Accessibility statement

David Orton

I'm still the new one in the Department, having joined at the begining of 2015, but I already feel very much at home here - everyone has gone out of their way to make me feel welcome. I'm based over on campus in the BioArCh unit, but during term I'm in King's Manor just as much.

I got my own MSc from York more than a decade ago now. Since then I've studied and worked at Cambridge, UCL, and in New York, but I always wanted to come back here. Like many York students, I fell in love with the beautiful, historic city - but it's more than that. The Department here is one of the most exciting places in the UK to do archaeology right now. There's a real buzz, always new people and new projects, but it's still small enough to be friendly and supportive. I can honestly say that there's nowhere I'd rather work.

As Lecturer in Zooarchaeology I teach everything to do with animals in archaeology, including a lot of hands-on bone practicals. I'm also in charge of our zooarchaeology lab facilities and extensive reference collections of mammal, bird, and fish bones. Still, I do find time to teach some of my other interests - such as the European Neolithic - too. From early 2016 I'll also take over as director of undergraduate programmes, so new students can expect to see quite a lot of me. My favourite part of teaching is supervising student projects and dissertations. There are few things as satisfying as helping a student to plan a project out and then watching them bring it to a successful conclusion - especially when they take it in new directions you hadn't even considered!

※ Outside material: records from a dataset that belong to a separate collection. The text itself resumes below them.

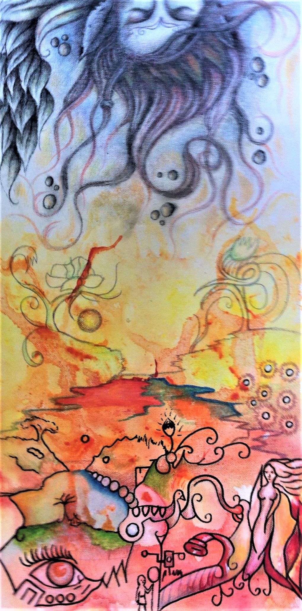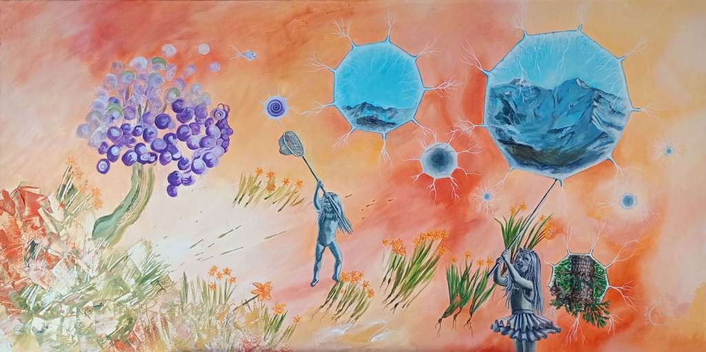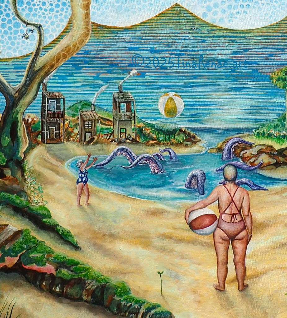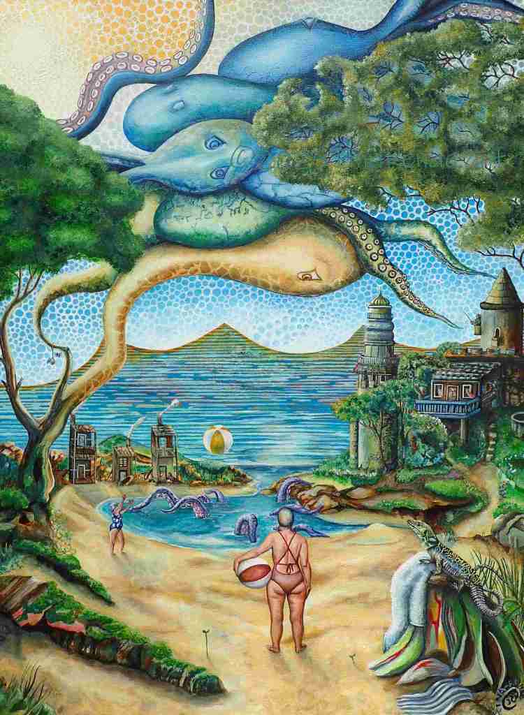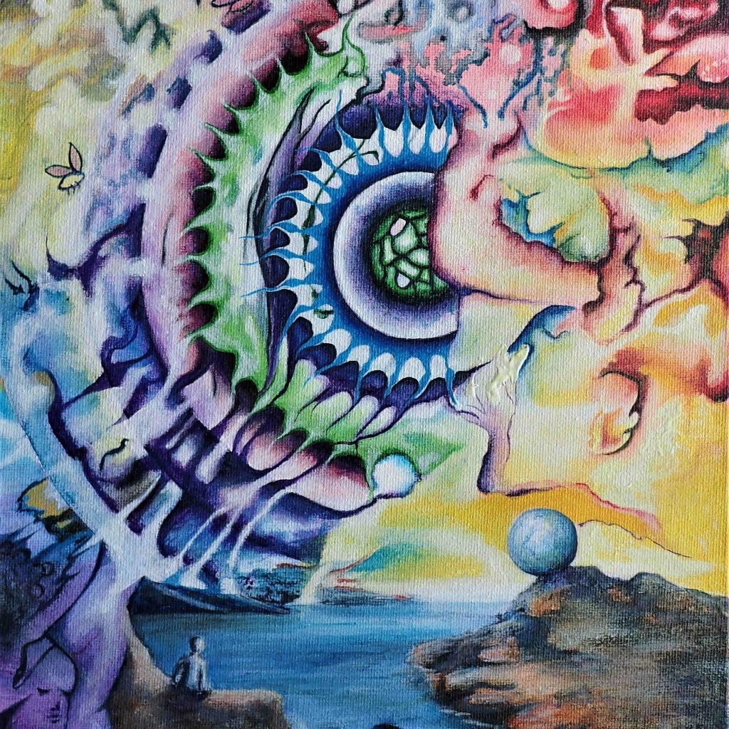 The painting called ‘Tic Toc’ has nothing to do with the social media platform, but everything to do with time. In particular, the space in-between the conscious and the sub-conscious. The colours, imagery and even the mindset through the painting process were all mindfully done to give the painting the energy needed to bring on a theta wave beat for the viewer. This is when you step out of your relative reality and take the watery path to other worlds that exist beyond ours. This is also one of the many paths to enter the subconscious, where all time exists at once or not at all, depending on the perspective. Travel light, there is no room for baggage.
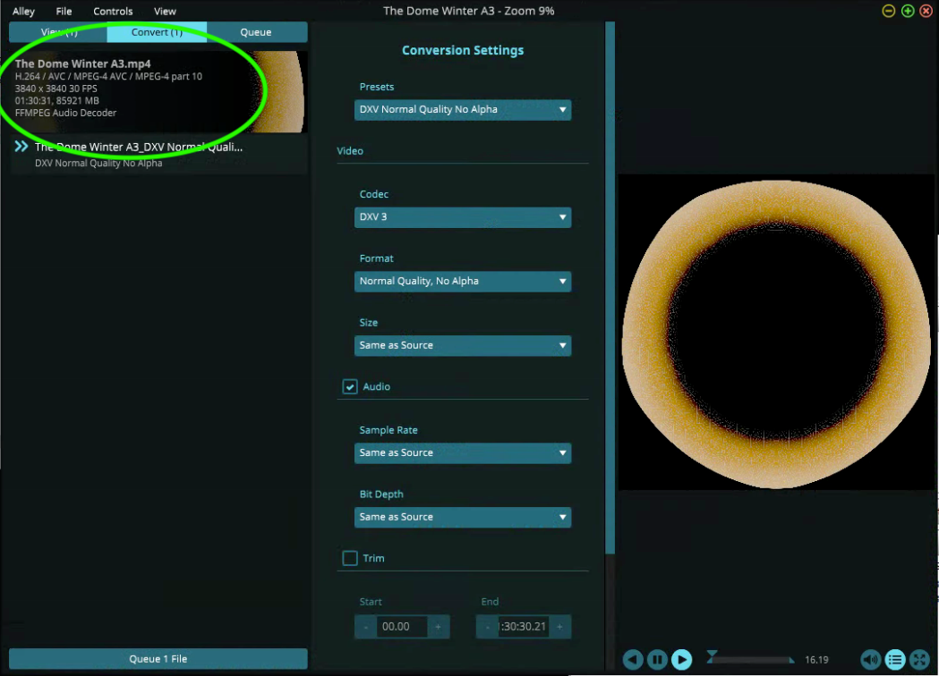1) All files are converted to DXV3 Normal, No Alpha using Alley. They are very large (3840 x 3840 @ 30 FPS) and are about 90 minutes long and about 500 GB. Is there any reason that is too big? They are converted FROM .mp4 H.264
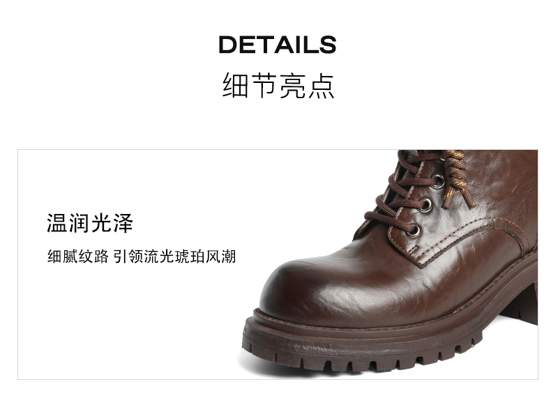 | 帮面材质:复合材料 | 靴筒口围:25.5CM | 上市时间:2025年冬季 | 鞋类流行款式:马丁靴 | 鞋头款式:圆头 |
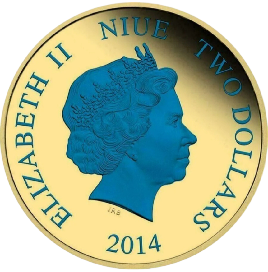 На аверсе изображён портрет Её Величества королевы Елизаветы II. Вокруг портрета расположены надписи «ELIZABETH II», «NIUE», «TWO DOLLARS» и год выпуска — «2014». Зеркальное поле подчеркивает официальный статус монеты как законного платёжного средства и придаёт ей благородный блеск.

What I love most about archaeology is the constant challenge: of finding new ways of understanding the past from the smallest and most unlikely-sounding remains; of pulling together a thousand seemingly insignificant traces and making something significant of them. So I'm very excited to be part of BioArCh at York, where I'm surrounded by colleagues and students who are genuinely pushing the boundaries of what we can say from old bones, or from food residues on pottery, or even from the plaque on your teeth.

My own research looks at how humans used and effected their environments over the long term, whether that involves farming around prehistoric villages or the globalised supply chains of late medieval cities. And that's another great thing about archaeology: the sheer variety of times, places, and themes that you can choose to explore. In the last few years I've had the chance to study topics as disparate as early farming in the former Yugoslavia and medieval fishing in the Baltic states (and I'm writing this on a Turkish bus, en route to fieldwork at a Neolithic site).